We do know that records of the phrase date to at least the 1930s. In a memoir written by the British Ambassador to China around 1936, the author mentions learning of a Chinese curse may you live in interesting times. A little while later, in 1939, Frederic R. Coudert shared hearing of the phrase in his opening remarks at the Proceedings of the Academy of Political Science. He stated: 

Some years ago, in 1936, I had to write to a very dear and honored friend of mine, who has since died, Sir Austen Chamberlain, brother of the present Prime Minister [Neville Chamberlain], and I concluded my letter with a rather banal remark, “that we were living in an interesting age.” Evidently he read the whole letter, because by return mail he wrote to me and concluded as follows: “Many years ago, I learned from one of our diplomats in China that one of the principal Chinese curses heaped upon an enemy is, ‘May you live in an interesting age.’” “Surely,” he said, “no age has been more fraught with insecurity than our own present time.” That was three years ago.

In fact, as evidenced by a 1936 newspaper article in The Yorkshire Post, Sir Austen Chamberlain used the expression in a speech he gave at an annual meeting of the Birmingham Unionist Association, citing it as an ancient Chinese curse that had fallen upon England thanks to Germany’s violation of the Treaty of Locarno, which saw Germany, France, Belgium, Italy, and Great Britain agree to peace in western Europe.
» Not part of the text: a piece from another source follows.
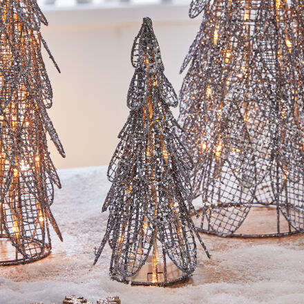 Das „Nadelkleid“ der dekorativen Tannenbäume ist aus silberfarbenem Metall- Geflecht gefertigt und mit aufliegendem Silberglitter versehen. So glitzern die winter- und weihnachtlichen Accessoires festlich im warmweißen Schein der innen befestigten LED-Lichterkette. Mit standfestem, kegelförmigem Korpus, nur für den Innenbereich geeignet. Klein (S): Ø 10 cm, 26 cm hoch, 20 LEDs, benötigt 2 AA-Batterien (nicht im Lieferumfang enthalten). Mittel (M): Ø 15 cm, 46 cm hoch, 30 LEDs. Groß (L): Ø 20 cm, 66 cm hoch, 40 LEDs. Größen M + L mit Transformator, A bis A++. Transparentes 5 m Anschlusskabel im Lieferumfang enthalten.

Language historians suggest that Austen Chamberlain’s father, Joseph Chamberlain, was actually likely the one who told him of the expression. It appears he used the idea of “interesting times” to mean those of disruption and danger in a speech he gave in the late-19th century, in 1898, saying:

I think that you will all agree that we are living in most interesting times. (Hear, hear.) I never remember myself a time in which our history was so full, in which day by day brought us new objects of interest, and, let me say also, new objects for anxiety. (Hear, hear.) 

It also appears Joseph Chamberlain used “interesting times” in this way in a 1901 speech. However, it’s not clear how Austen Chamberlain came to believe it was originally an old Chinese curse, and not just a saying of his father’s. 

Whatever the original source, Robert F. Kennedy certainly shined a spotlight on the phrase and ushered it into popularity when he used it in a speech he gave in Cape Town, South Africa, in 1966. In it, he remarked:

“For the fortunate among us, the fourth danger is comfort, the temptation to follow the easy and familiar paths of personal ambition and financial success so grandly spread before those who have the privilege of education. But that is not the road history has marked out for us. There is a Chinese curse which says ‘May he live in interesting times.’ Like it or not we live in interesting times. They are times of danger and uncertainty; but they are also more open to the creative energy of men than any other time in history. And everyone here will ultimately be judged—will ultimately judge himself—on the effort he has contributed to building a new world society and the extent to which his ideals and goals have shaped that effort.”

Science fiction author Arthur C. Clarke also used it in an essay he wrote in 1965, in which he called the 20th century “probably the most interesting period mankind has ever known.”  

Summary

Although it sounds like a blessing, the phrase may you live in interesting times is used ironically, and is actually what you’d wish upon your enemy: a “curse” for a difficult and tumultuous life. Indeed, the phrase is often said to be an ancient Chinese curse, although there’s no proof that it’s connected to Chinese culture in any way; in fact, it’s only traceable to Britain and modern times. Although its exact origin is unknown, Robert F. Kennedy popularized the phrase in a speech he gave in 1966.